Engellilere yönelik şiddetin de geçmiş yıllara göre çok daha fazla yaşandığının hatırlatılması üzerine konuşan Bektaş, "Engelli çocuklara zorbalığı önlemenin tek yolu eğitimden geçiyor. Engelli çocuklarımızın akran şiddetinden korunması bilinç değişimi ile mümkün. Engellilik konusunda ebeveynler ve öğretmenlerin kullandığı iletişim dilinin doğru olması, çocuklar arasındaki bireysel farkların tanınması ve kabul edilmesi önem arz ediyor" açıklamasında bulundu. 

"AŞIRI POHPOHLANMIŞ ÇOCUKLAR DAVRANIŞ PROBLEMİ SERGİLEYEBİLİR"

"İyi aile" olarak tabir edilebilecek ailelerin çocuklarında da akran zorbalığına rastlanmasının nedenlerini de anlatan Psikolog Bektaş, "Dışarıdan bakıldığında 'iyi aile' gibi gözüken ancak çocukların her istediklerini yapmış, onlara hiç hayır dememiş, ailesi tarafından aşırı pohpohlanmış çocuklarda çevrelerine karşı davranış problemleri sergileyebilir. Çocuğun psikolojik sorunlarının ya da davranış bozukluğunun olması akran zorbalığına başvurma nedenlerinden biridir. Çocukların zorbalık yapma sebepleri incelendiğinde ülkemizde 'güvensizlik ve güven eksikliği' de ön plana çıkıyor. Bununla birlikte arkadaş baskısı ve ön yargı da zorbalığın tetikleyicisi olabiliyor. Ayrıca sosyal medyanın hayatımıza girmesiyle her türlü şiddetin daha da görünür olmasına yol açtı" dedi. 

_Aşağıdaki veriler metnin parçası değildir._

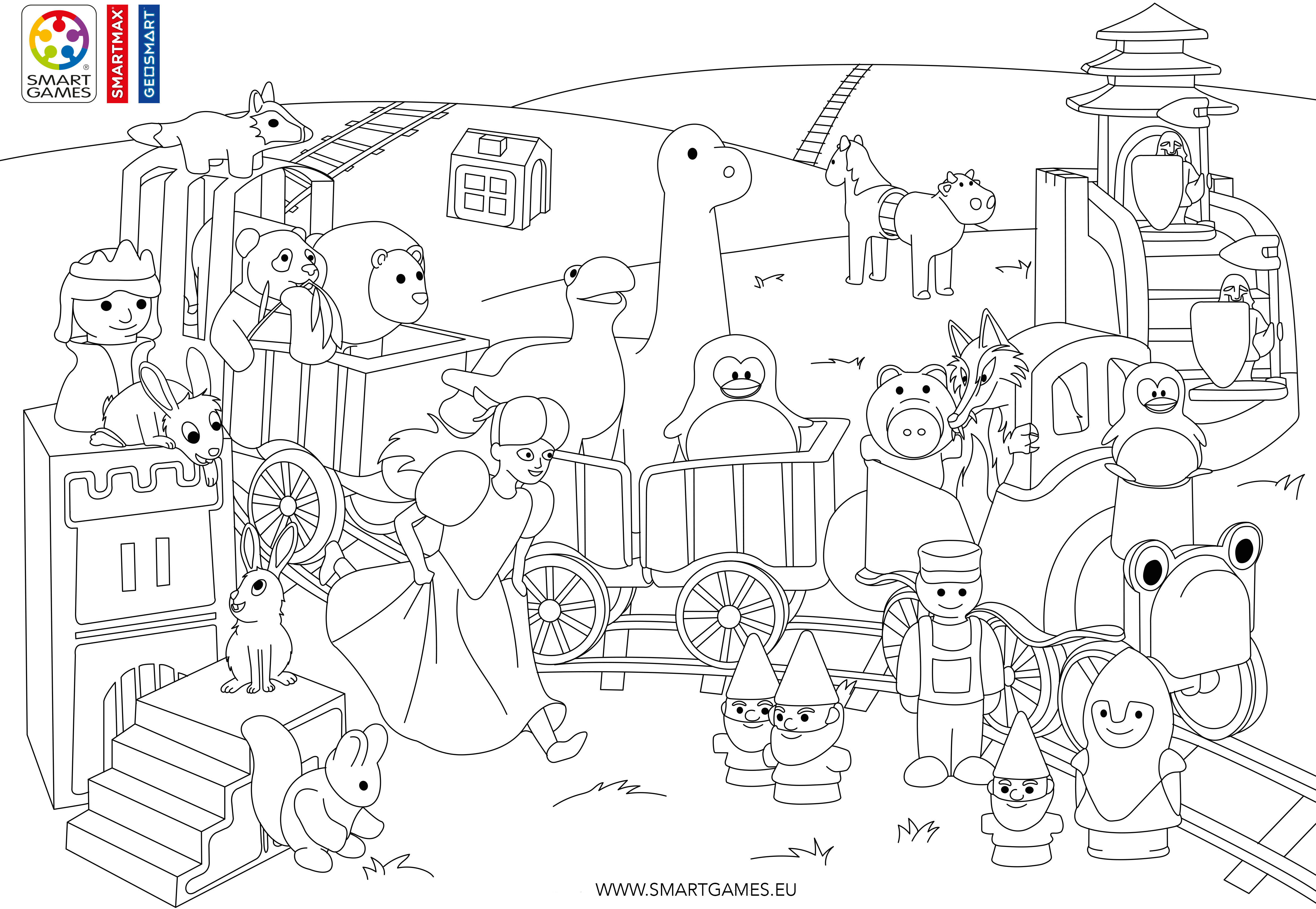 Do your children like colouring? Download our free colouring page here. On this colouring page, you'll find Smartgames fun figures, animals, fairy-tale characters and so much more. This colouring picture appeals to every child's imagination. Have fun with it!

"PSİKOLOJİK VE SOSYAL İHTİYAÇLARIN KARŞILANMAMASI UYUM SORUNU YARATABİLİR"

Çocukların psikolojisinin ve gereksinimlerinin iyi analiz edilmesi gerektiğine vurgu yapan Işıl Bektaş, "Bilhassa ergenlik döneminde çevre tarafından dikkat çekme ve beğenilme isteği çok yoğun yaşanıyor. Bundan dolayı zorbalar, akranlarına zarar vererek arkadaşları tarafından takdir toplayacaklarını düşünebilir. Çocukların psikolojik ve sosyal ihtiyaçlarının okulda karşılanmaması da birçok uyumsuzluklara sebep olabilir. Örneğin gerekli rehberliğin yapılmaması veya okulun disiplin ve eğitim tutumları/tedbirleri" açıklamasında bulundu. 

"ZORBALIĞA MARUZ KALANLARIN FİZİKSEL VE ZİHİNSEL GELİŞİMİ BOZULABİLİR"

Çocukların okulda akranları tarafından zorbalığa maruz kaldığını nasıl anlaşılacağını açıklayan Bektaş, "Zorbalık bir çeşit sinsi şiddet durumudur, fark edilmesi bazen uzun zaman alabiliyor. Çocuk şayet okula giderken ayakları geriye gidiyorsa, arkadaşlarıyla görüşmek istemiyorsa, okul başarısı aniden düştüyse, geceleri altını ıslatıyorsa, geceleyin kabuslar görüyorsa, iştahsızlık gibi durumlar yaşanıyorsa akran zorbalığına maruz kalıyor olabilir. Zorbalık sürekli hale geldiğinde kurban olan çocukların fiziksel ve zihinsel gelişim süreci bozulabilir" ifadelerini kullandı. 

"ZORBA DA MAĞDUR DA PSİKOLOJİK DESTEK ALMALI"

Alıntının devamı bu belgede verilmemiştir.